**PROBLEM REQUIREMENTS:** Return all of the data that follows precisely, leaving every image out.

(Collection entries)
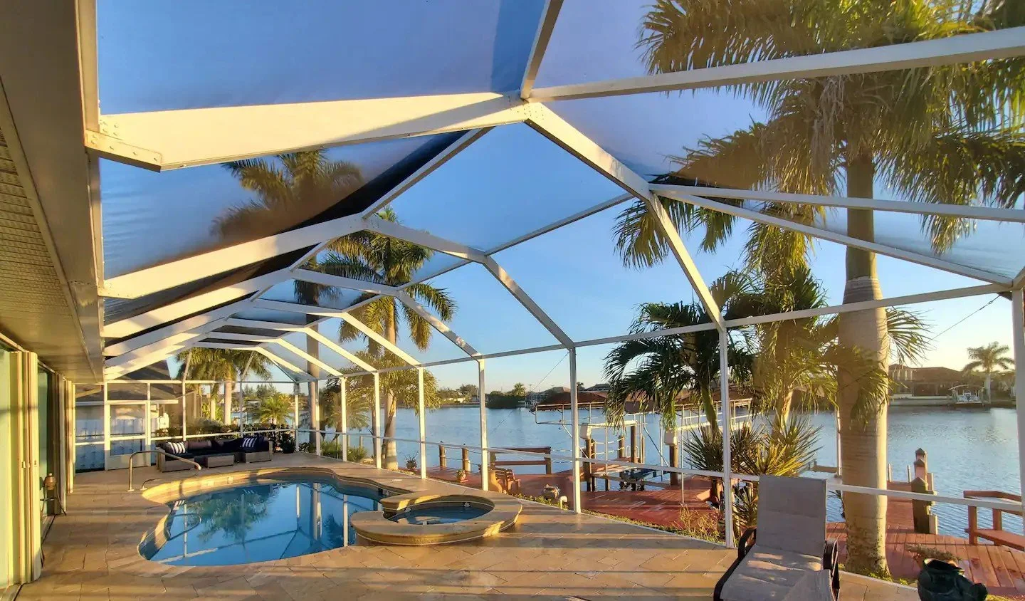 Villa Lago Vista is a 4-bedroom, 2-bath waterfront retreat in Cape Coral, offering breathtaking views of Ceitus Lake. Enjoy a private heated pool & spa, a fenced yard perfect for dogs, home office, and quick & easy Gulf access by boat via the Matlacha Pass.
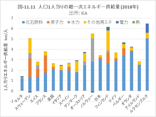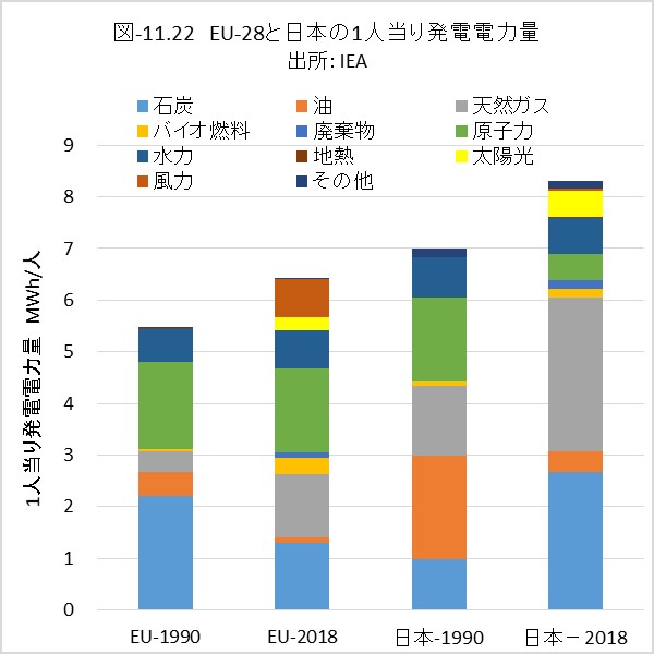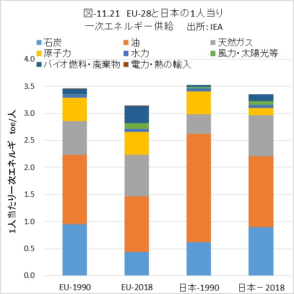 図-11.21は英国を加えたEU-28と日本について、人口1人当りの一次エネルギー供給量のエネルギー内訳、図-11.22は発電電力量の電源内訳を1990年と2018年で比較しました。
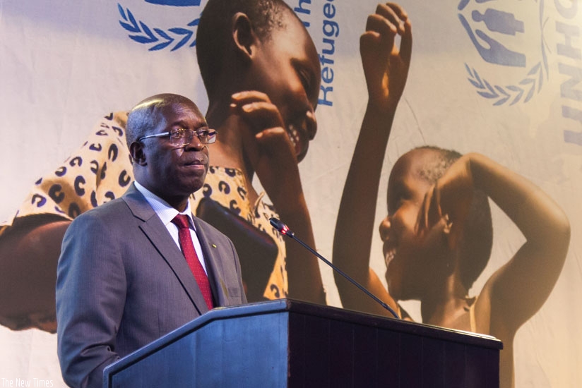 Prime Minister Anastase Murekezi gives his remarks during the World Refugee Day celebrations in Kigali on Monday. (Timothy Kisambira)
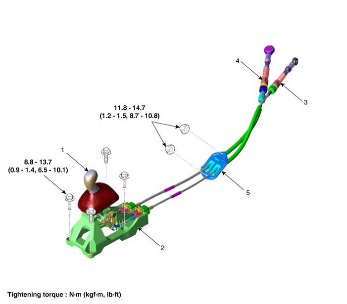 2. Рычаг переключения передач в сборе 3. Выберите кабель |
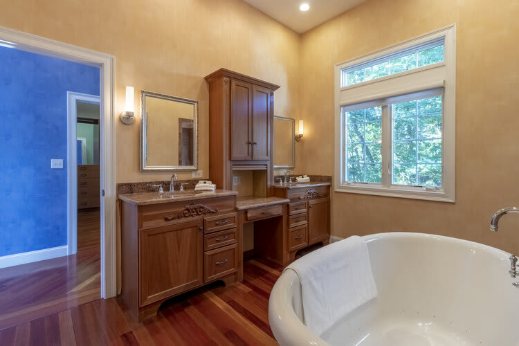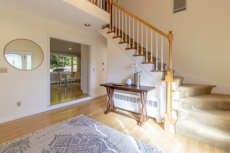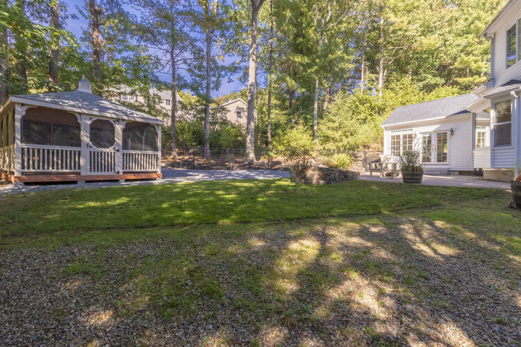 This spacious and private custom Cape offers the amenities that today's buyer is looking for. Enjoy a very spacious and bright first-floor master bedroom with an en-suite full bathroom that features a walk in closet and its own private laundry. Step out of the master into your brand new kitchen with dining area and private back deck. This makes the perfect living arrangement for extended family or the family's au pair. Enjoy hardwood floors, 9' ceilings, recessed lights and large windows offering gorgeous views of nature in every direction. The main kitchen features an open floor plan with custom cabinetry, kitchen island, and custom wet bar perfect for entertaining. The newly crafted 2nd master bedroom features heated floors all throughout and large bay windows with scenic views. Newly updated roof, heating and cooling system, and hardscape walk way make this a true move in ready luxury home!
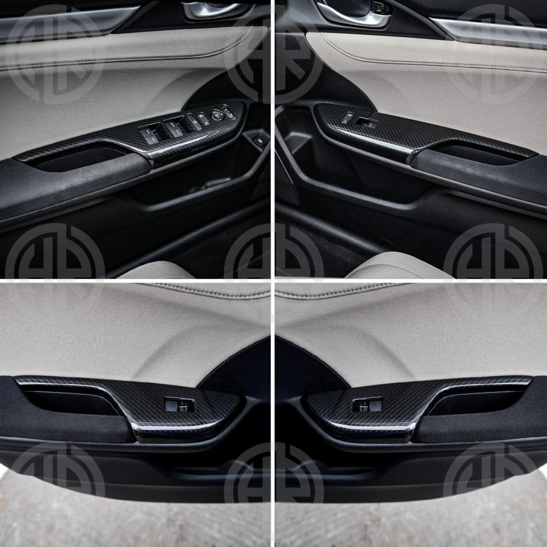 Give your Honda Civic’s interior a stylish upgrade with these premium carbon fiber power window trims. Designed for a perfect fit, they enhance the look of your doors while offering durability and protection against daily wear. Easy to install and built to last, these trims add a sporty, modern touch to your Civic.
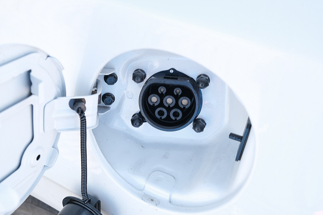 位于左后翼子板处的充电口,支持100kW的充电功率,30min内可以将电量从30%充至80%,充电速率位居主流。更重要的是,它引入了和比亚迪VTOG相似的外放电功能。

**REPLY TO THE TASK:**
 Villa Lago Vista is a 4-bedroom, 2-bath waterfront retreat in Cape Coral, offering breathtaking views of Ceitus Lake. Enjoy a private heated pool & spa, a fenced yard perfect for dogs, home office, and quick & easy Gulf access by boat via the Matlacha Pass.
 図-11.21は英国を加えたEU-28と日本について、人口1人当りの一次エネルギー供給量のエネルギー内訳、図-11.22は発電電力量の電源内訳を1990年と2018年で比較しました。
 Prime Minister Anastase Murekezi gives his remarks during the World Refugee Day celebrations in Kigali on Monday. (Timothy Kisambira)
 2. Рычаг переключения передач в сборе 3. Выберите кабель |
 This spacious and private custom Cape offers the amenities that today's buyer is looking for. Enjoy a very spacious and bright first-floor master bedroom with an en-suite full bathroom that features a walk in closet and its own private laundry. Step out of the master into your brand new kitchen with dining area and private back deck. This makes the perfect living arrangement for extended family or the family's au pair. Enjoy hardwood floors, 9' ceilings, recessed lights and large windows offering gorgeous views of nature in every direction. The main kitchen features an open floor plan with custom cabinetry, kitchen island, and custom wet bar perfect for entertaining. The newly crafted 2nd master bedroom features heated floors all throughout and large bay windows with scenic views. Newly updated roof, heating and cooling system, and hardscape walk way make this a true move in ready luxury home!
 Give your Honda Civic’s interior a stylish upgrade with these premium carbon fiber power window trims. Designed for a perfect fit, they enhance the look of your doors while offering durability and protection against daily wear. Easy to install and built to last, these trims add a sporty, modern touch to your Civic.
 位于左后翼子板处的充电口,支持100kW的充电功率,30min内可以将电量从30%充至80%,充电速率位居主流。更重要的是,它引入了和比亚迪VTOG相似的外放电功能。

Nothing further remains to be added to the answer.